In a case challenging the constitutionality of the state’s school funding formula, an administrative law judge has allowed a lawsuit filed by parents in Lakewood, Ocean County, to move forward.
In Alcantara v. Hespe, the state asked the judge to dismiss a case in which parents of both private and public school students in Lakewood claimed that the funding formula known as the School Funding Reform Act (SFRA) does not provide enough funds to provide a thorough and efficient education to Lakewood students.
Specifically, the parents alleged that the SFRA does not take into account the extraordinary costs that Lakewood incurs to provide transportation and special education services to its nonpublic school students. Lakewood has 31,000 nonpublic school students, and the costs to provide services to them take away from the money available to the district’s 6,000 public school students, the lawsuit argues.

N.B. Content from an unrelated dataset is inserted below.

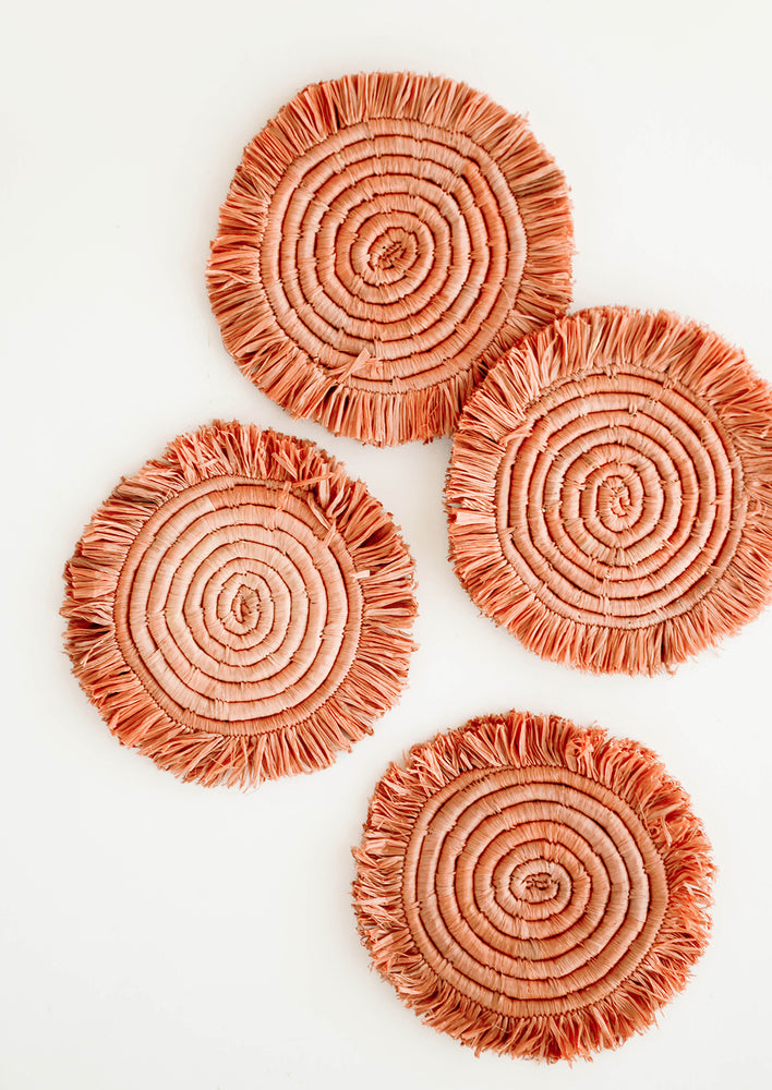 Fringed Raffia Coaster Set

In its motion, the state said the case should be dismissed because the district had sufficient funds for the 2017-2018 school year, which included an advance on state aid, to provide services to students.
Further, Lakewood was implementing its curriculum in accordance with the Student Learning Standards (NJSLS). The state claimed Lakewood provides not only basic skills and requirements, but also access to vocational education, technology, and the arts. Additionally, test scores and graduation rates in the district were improving.

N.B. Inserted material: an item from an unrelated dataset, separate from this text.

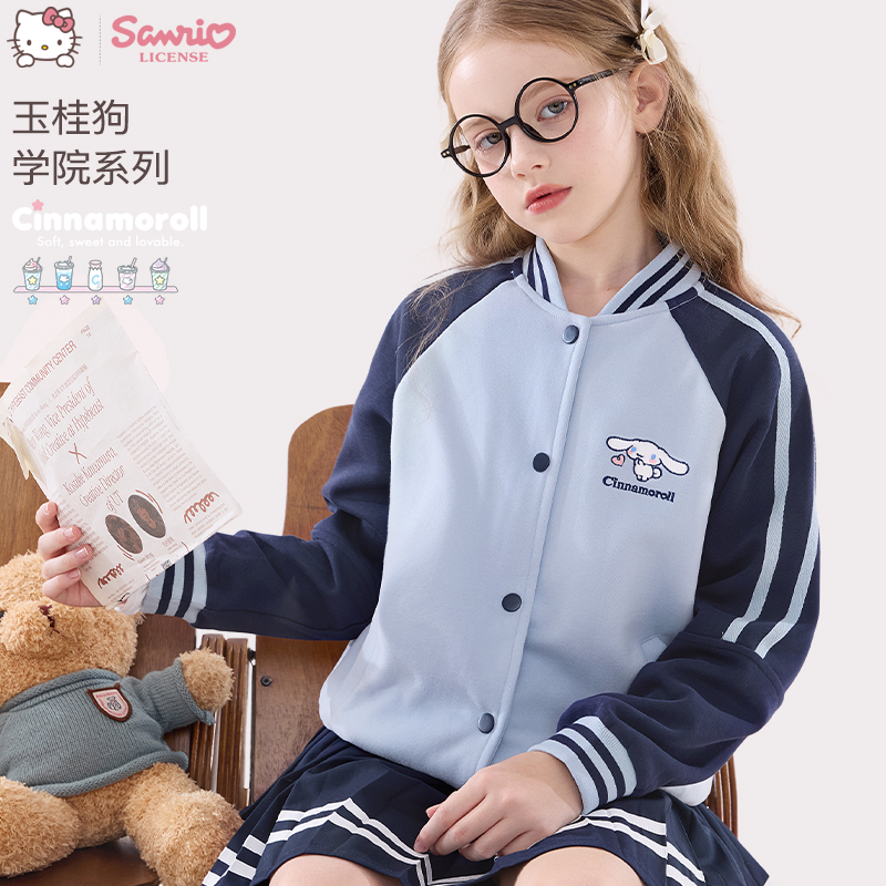 玉桂狗女童棒球服秋装新款2025洋气儿童外套宽松休闲服春大童上衣

However, Judge Susan Scarola determined that after considering the testimony presented by petitioners, the state’s motion for involuntary dismissal must be denied. She found that evidence presented by the parents could show Lakewood cannot provide a thorough and efficient education with the level of funding it receives under SFRA and that, as a result, SFRA could be unconstitutional as applied to the district.
She ordered the state to move forward with its defense of the suit filed by the parents.